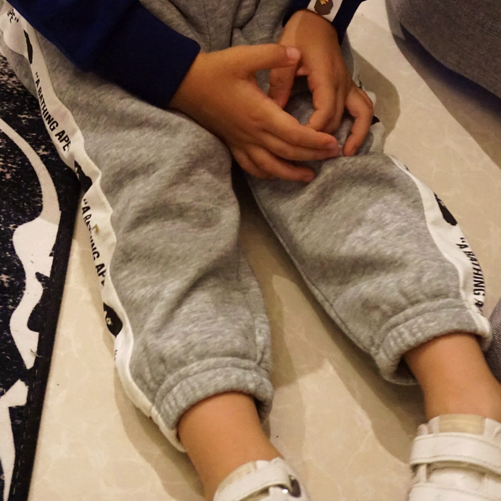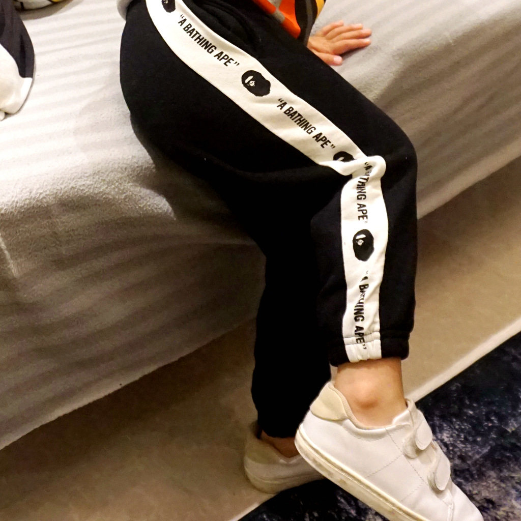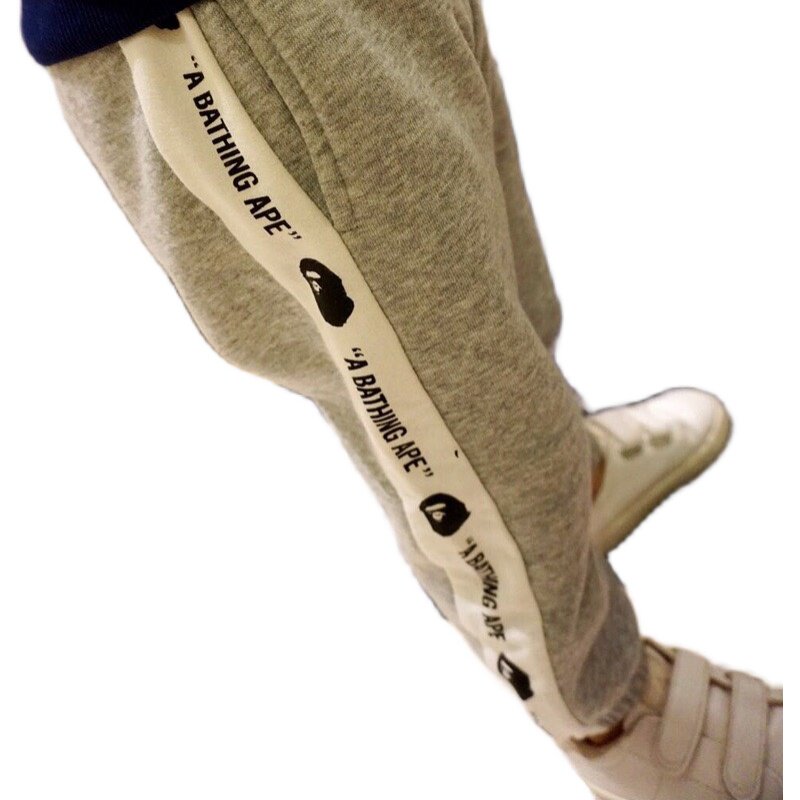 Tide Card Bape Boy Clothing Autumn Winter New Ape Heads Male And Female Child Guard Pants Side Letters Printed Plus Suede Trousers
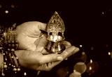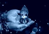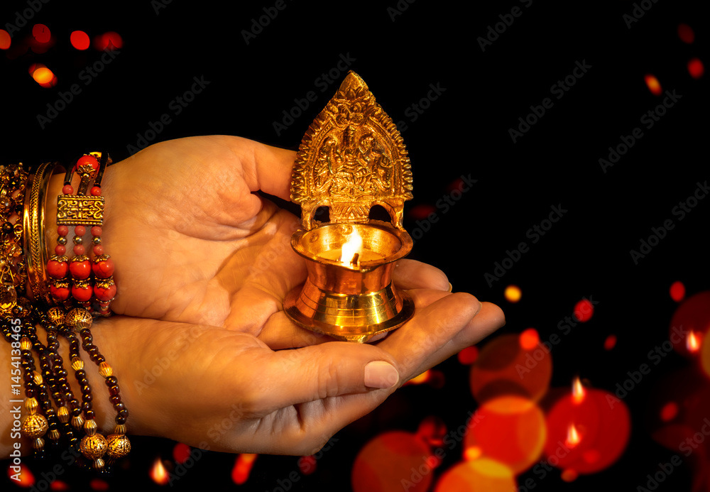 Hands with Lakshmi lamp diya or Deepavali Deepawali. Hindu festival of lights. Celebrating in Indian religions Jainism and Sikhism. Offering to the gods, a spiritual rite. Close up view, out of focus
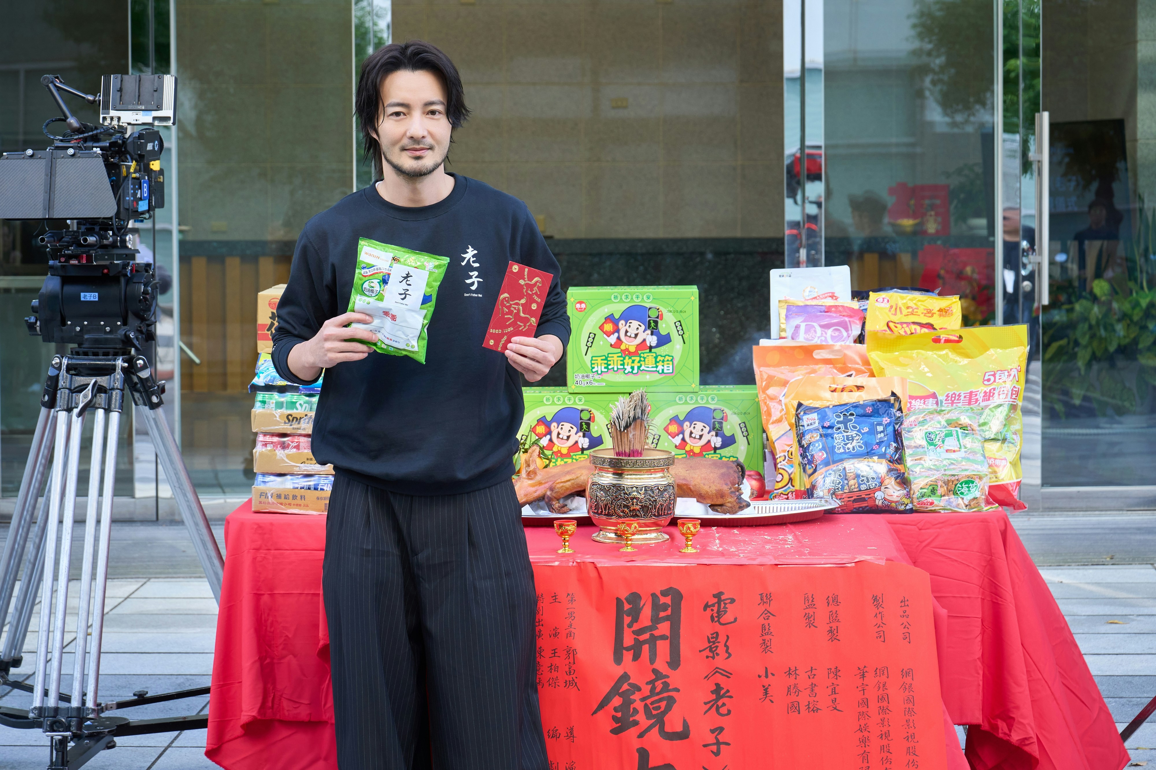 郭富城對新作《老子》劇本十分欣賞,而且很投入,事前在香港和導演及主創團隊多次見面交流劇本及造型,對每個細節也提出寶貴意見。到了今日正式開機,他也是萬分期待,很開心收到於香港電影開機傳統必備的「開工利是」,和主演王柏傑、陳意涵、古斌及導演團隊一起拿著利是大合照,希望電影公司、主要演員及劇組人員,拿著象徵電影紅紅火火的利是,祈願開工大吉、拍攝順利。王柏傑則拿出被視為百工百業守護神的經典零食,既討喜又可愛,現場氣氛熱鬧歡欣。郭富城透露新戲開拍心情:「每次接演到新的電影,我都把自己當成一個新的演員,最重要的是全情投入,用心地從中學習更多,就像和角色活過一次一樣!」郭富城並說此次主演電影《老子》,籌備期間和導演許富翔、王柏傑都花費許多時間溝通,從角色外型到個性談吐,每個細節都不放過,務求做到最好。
* * *
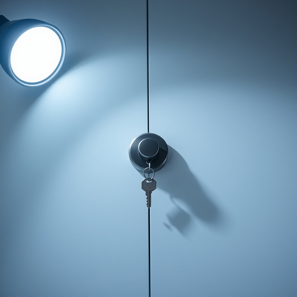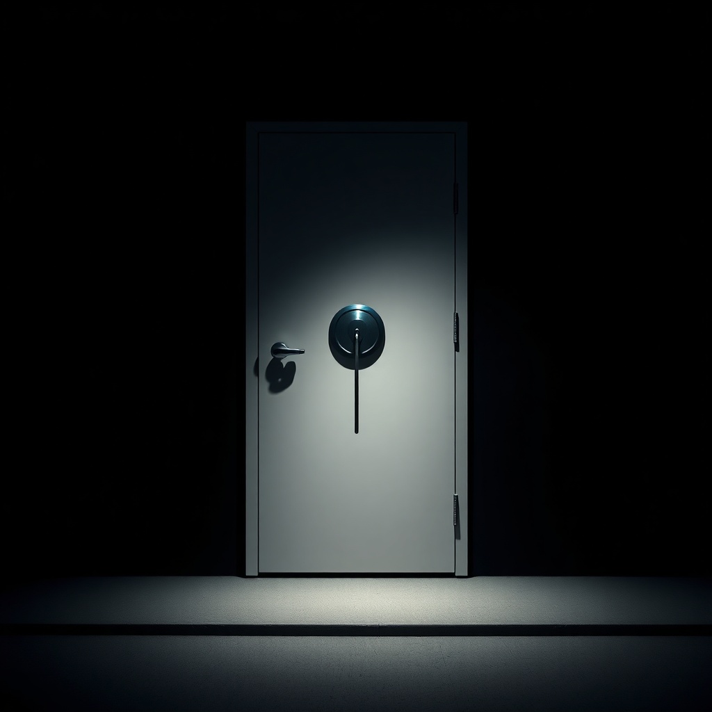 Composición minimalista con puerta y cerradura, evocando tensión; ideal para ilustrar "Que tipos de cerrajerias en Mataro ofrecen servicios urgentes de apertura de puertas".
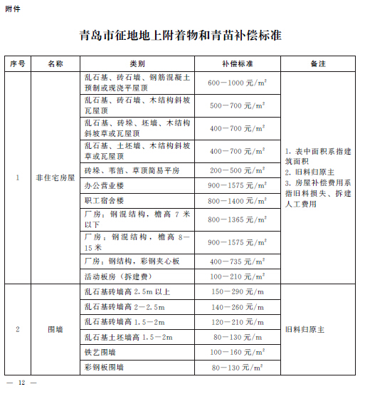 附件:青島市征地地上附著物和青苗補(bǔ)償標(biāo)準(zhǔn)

Exercise details |
Working from the records above, set down word for word everything from the line containing "Composición minimalista con" down to the line containing "附件:青島市征地地上附著物和青苗補(bǔ)償標(biāo)準(zhǔn)", ends included, minus the pictures.

Exercise answer |
 Composición minimalista con puerta y cerradura, evocando tensión; ideal para ilustrar "Que tipos de cerrajerias en Mataro ofrecen servicios urgentes de apertura de puertas".
 附件:青島市征地地上附著物和青苗補(bǔ)償標(biāo)準(zhǔn)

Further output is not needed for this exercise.